THOSE PESKY FALSE BREAKOUTS- WHAT DO WE DO?

False breakouts are one of the necessary evils of the Forex market. Signals that appear to indicate the start of large gains for the trader often turn out to be broken promises that lead to unexpected losses. Spotting the signs that actually give a heads-up as to the potential for these reversals helps to avoid these scenarios that arise during long periods of market indecision and low liquidity.

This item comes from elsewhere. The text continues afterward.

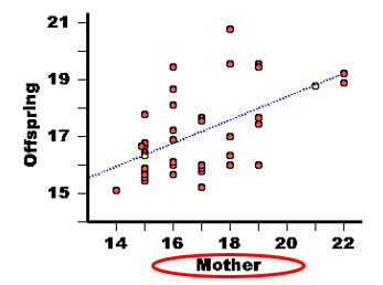 Relatedness tells you how many gene you are expected to share with someone. See how the phenotype varies with relatedness. The slope of the line is heritability.

Take the recent movements of the EURO NZD and the GBP AUD as examples. These both gave bearish signals that broke the Support of their respective Consolidations that had formed below larger Pennants setups. Given that these smaller Consolidations represented a test of the Support of these broken Pennants, gains of several hundred pips would have been expected.


EURO NZD - DAILY CHART


Source: FXCM Marketscope


















DAILY CHART- GBP CAD

Source: FXCM Marketscope
















Nevertheless, the candles that broke these setups were not strong enough to justify entry. Whenever this happens, you will either have a stronger candle that appears a few days later to continue the breakout, or an opposing candle that starts a False Breakout reversal. In this case, the latter was the result for both pairs.


DAILY CHART- EURO NZD


Source: FXCM Marketscope

















DAILY CHART- GBP CAD


Source: FXCM Marketscope















From this point, we could have one of two scenarios unfolding in the next few days. We could see the market move sideways for awhile before providing another set of bearish signals that start their respective downtrends. On the other hand, the reversals could indicate that start of uptrends that take them back inside of their Pennants, possibly breaking out above the Resistance. But how can we know in advance that what seems like perfectly normal signals will actually lead to these types of reversals?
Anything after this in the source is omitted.